Can't swear to its accuracy but the answers this gives seem about right (4.5 sq metres is the answer it gives to your question).

http://www.practicaldiy.com/general-bui ... -met-2.php


----------



## ninjabika (3 Jan 2010)

hi

not really sure if that's what i mean. i'll try another way a jumbo bag of ballast is virtually 1mtr cu , so when mixed is it still the same volume i.e from one bag with added cement mixed to a 1-5 ratio could you pour it into a form work 3mtr x 3mtr x 100mm and fill it

any ideas am just running through some costings and ideas in my head


martin


----------



## Anonymous (3 Jan 2010)

It really depends on how much ballast is in the jumbo bag. When I last had some delivered there was a massive difference between the bags (in terms of quantity of ballast in each). I'm not sure even the biggest was anywhere near 1 cubic metre. I'm pretty sure they were all supposed to be at least 850kg but I'm pretty sure they were all short of this. I fell well short on ballast but was spot on for cement. My guess is that the jumbo bags contain something closer to 600kg.

btw. due to being short of ballast I ended up driving back and forth to B&Q and Wickes most of the day, hence I didn't finish in one day. Next time I'll make sure I've got far too much.

Dave


----------



## ninjabika (3 Jan 2010)

DustyDave":13b51ih1 said:


> It really depends on how much ballast is in the jumbo bag.
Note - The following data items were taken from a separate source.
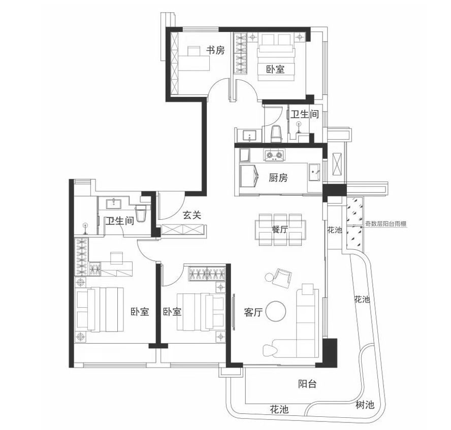 项目设计创意巧妙地在各个错层空间设置了不同尺度花池和树池,花池、树池的深度可满足小灌木种植需求,借助绿植的天然屏障,有效解决花园阳台相互错动带来的上下层侧向对视问题。此外,飘窗的设计,也可以一定程度避免上下层视线干扰问题。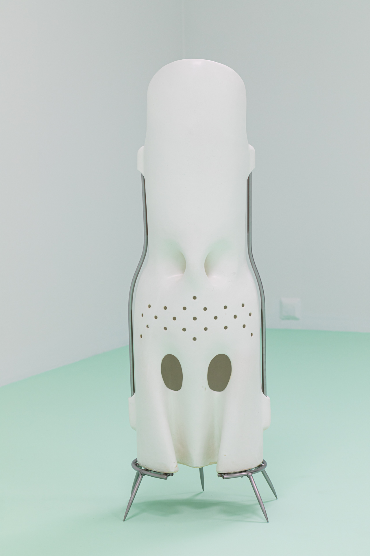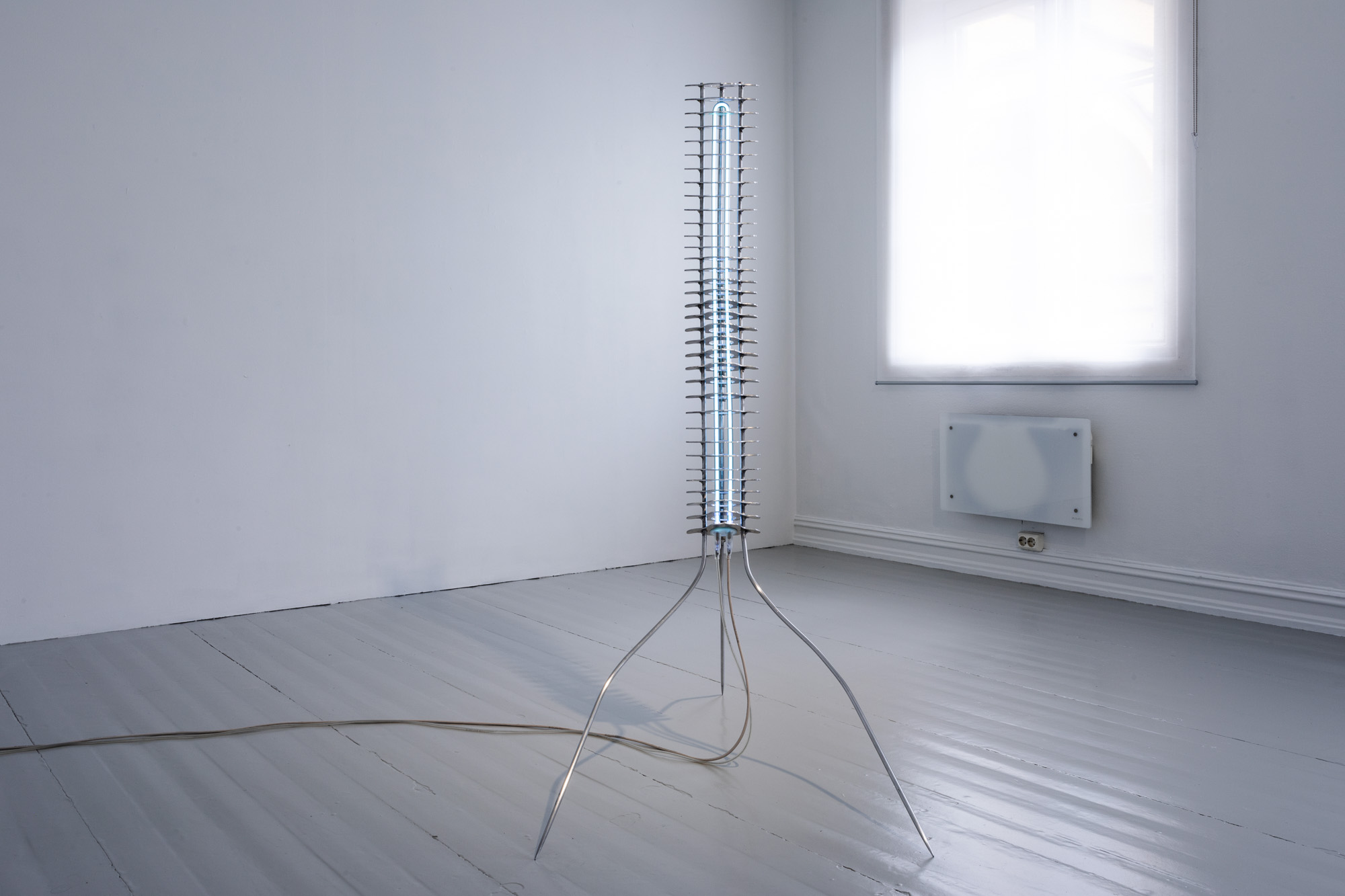 The entire installation is bathed in a yellow light, the hue of which seems exactly on the borderline between soothing and toxic waste. Linda Morell thus intuitively connects the current social atmosphere of reconciled limbo with the anxious anticipation of catastrophe. The situation suggests that even the threat of extinction will not change human habits. However, our species position, built on the exploitation and control of other species, obliges us to at least make a conscious effort to emancipate ourselves from the industries that non-consensually controls the lives of all earthly beings at the molecular level. The beginning of liberation is the change of the obsolete idea of the “naturalness” of our bodies.
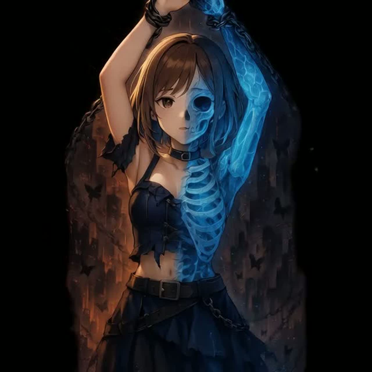 This digital hard rock track in B minor opens with crushing bass, gritty electric guitar riffs, and pounding, tightly synced drums, Verses feature dark, trance-like synths lending a J-Rock flavor, Choruses burst with stacked guitars, rapid-fire rhythms, and sweeping, emotional layers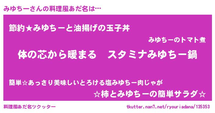 | ファンタジー風あだ名 | 『エターナルミユチーー』『ミユフェル』 |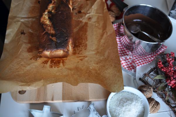 2. Tak przygotowane ciasto przelewamy do keksówki wyłożonej papierem do pieczenia. Pieczemy w rozgrzanym piekarniku do 200 stopni C, ok. 60 minut. Gdy ciasto całkowicie wystygnie, możemy polać polewą czekoladową i za pomocą szablonu z kartonu udekorować nasz piernik gwiazdami z mieszanki wiórek kokosowych z cukrem pudrem:-)

When I last had some delivered there was a massive difference between the bags (in terms of quantity of ballast in each). I'm not sure even the biggest was anywhere near 1 cubic metre. I'm pretty sure they were all supposed to be at least 850kg but I'm pretty sure they were all short of this. I fell well short on ballast but was spot on for cement. My guess is that the jumbo bags contain something closer to 600kg.
> 
> btw. due to being short of ballast I ended up driving back and forth to B&Q and Wickes most of the day, hence I didn't finish in one day. Next time I'll make sure I've got far too much.
> 
> Dave




dave

lets just say it did contain a cube of ballast, when mixed would it fill the form work as mentioned ???

martin


----------



## DeanN (3 Jan 2010)

There are some useful calculators here : http://www.pavingexpert.com/calcall.htm


----------



## ninjabika (3 Jan 2010)

hi

it's ok, i've found a calculator that gives you what you need to produce a cube of concrete

http://www.builditshop.co.uk/concrete_b ... ac=EGBV2-K

martin


----------



## Mr Ed (3 Jan 2010)

ninjabika":39sraw2w said:


> hi
> 
> not really sure if that's what i mean. i'll try another way a jumbo bag of ballast is virtually 1mtr cu ,



No its not, it will be a ton. A cube of concrete will weigh around 2.2 tons, so I suspect you will get about half a cube of concrete off a bulk bag.

Ed


----------



## ninjabika (3 Jan 2010)

Mr Ed":1hwtsu3n said:


> ninjabika":1hwtsu3n said:
> 
> 
> > hi
> ...



cheers , so if i'm right a framework of 3.048 x 3.048 x 100mm (10ft sq 100 mm dp) approx a cube will require 2 jumbo bags + cement + water


----------



## MickCheese (3 Jan 2010)

I always thought that one cubic metre of water weighs one tonne.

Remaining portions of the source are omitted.